7. Strong externalities 

Medical companies' images rise and fall with the reputation of their home country. Some time ago Korean companies were seen as reputable. After one doctor faked his research results on stem stells, the image of the entire country was dragged own. Taiwan is associated with cheap Asian solutions, even though it has the best medical care and health insurance in Asia, if not the world, whereas Switzerland and Germany, where you have to wait months for even the most basic of treatments enjoy the best brand image imaginable, despite a stale, unimaginative marketplace that favors incumbents and discourages innovation and competition. Everybody adores American health care standards, but nobody wants to pay the price for them. All of these factors affect how your brand is perceived internationally. 

 

8. Complex system of consumption

Finally, perhaps most importantly of all, the medical industry is a very complex system, in which the user (patient) doesn't choose the brand and doesn't pay, the payee (insurance) doesn't choose and is not using the product, and the person who actually makes the choice (doctor or hospital) doesn't pay or use. Well, that's a simplification, but you get the point.

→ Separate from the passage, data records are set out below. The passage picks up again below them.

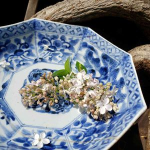 【骨董と花生活 月曜日】 ライラック購入後5日目で蕾の萎みが出たので浮き花へ。小花の場合開花物を選ぶべきか?! ◆後日談 ライラックの花びらは通常4枚 5枚は❤️◆ 骨董業者曰く「1750年頃の物 直しがダサいので安いよ」しかし器を叩くと「キィーン」と高音が響く✨職人の腕の確かさにビックリ!夏にそうめん鉢として活躍の予感、、、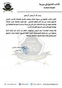 بيان تهنئة كتائب الفاروق بفوز حزب العدالة والتنمية في انتخابات 2015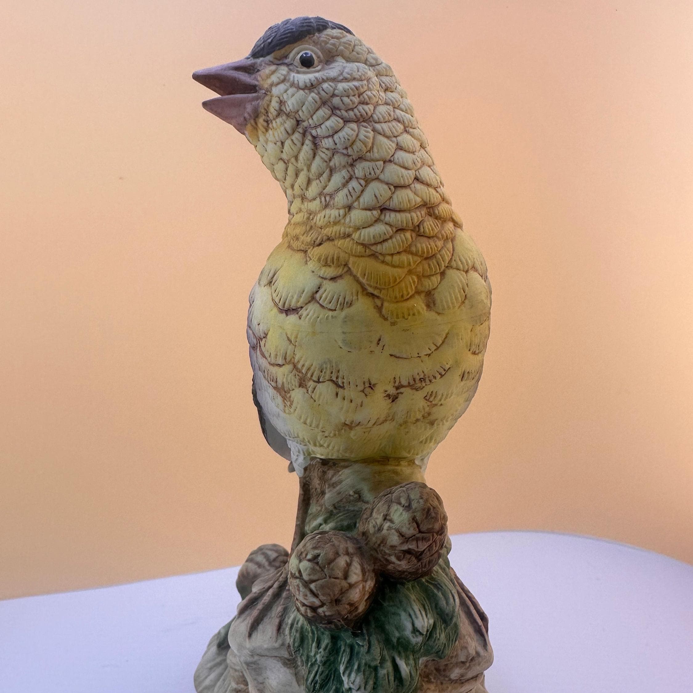 Discover the charm of this exquisite Lefton China American Goldfinch Bird figurine, a stunning yellow goldfinch perched among pine cones and a rock. Standing at 7 inches tall, this beautifully crafted bisque porcelain piece captures the delicate details and vibrant colors of a real goldfinch, making it a perfect addition to your bird collection or as a thoughtful gift for bird lovers.

At whom should the branding of - e.g., a maker of implants - be directed. Certainly not at the patient, she doesn't care what brand of him joint the doctor puts in. So at the physician? That depends, in some countries the insurance company makes the short-list of available products. And so on and so forth.

Marketing medical products is about the most difficult exercise you can think of, and therefore, the way your branding reflects your brand's core values is even more important. Which brings us back to point 1. So go back and read the list again. Twice daily, preferably before meals.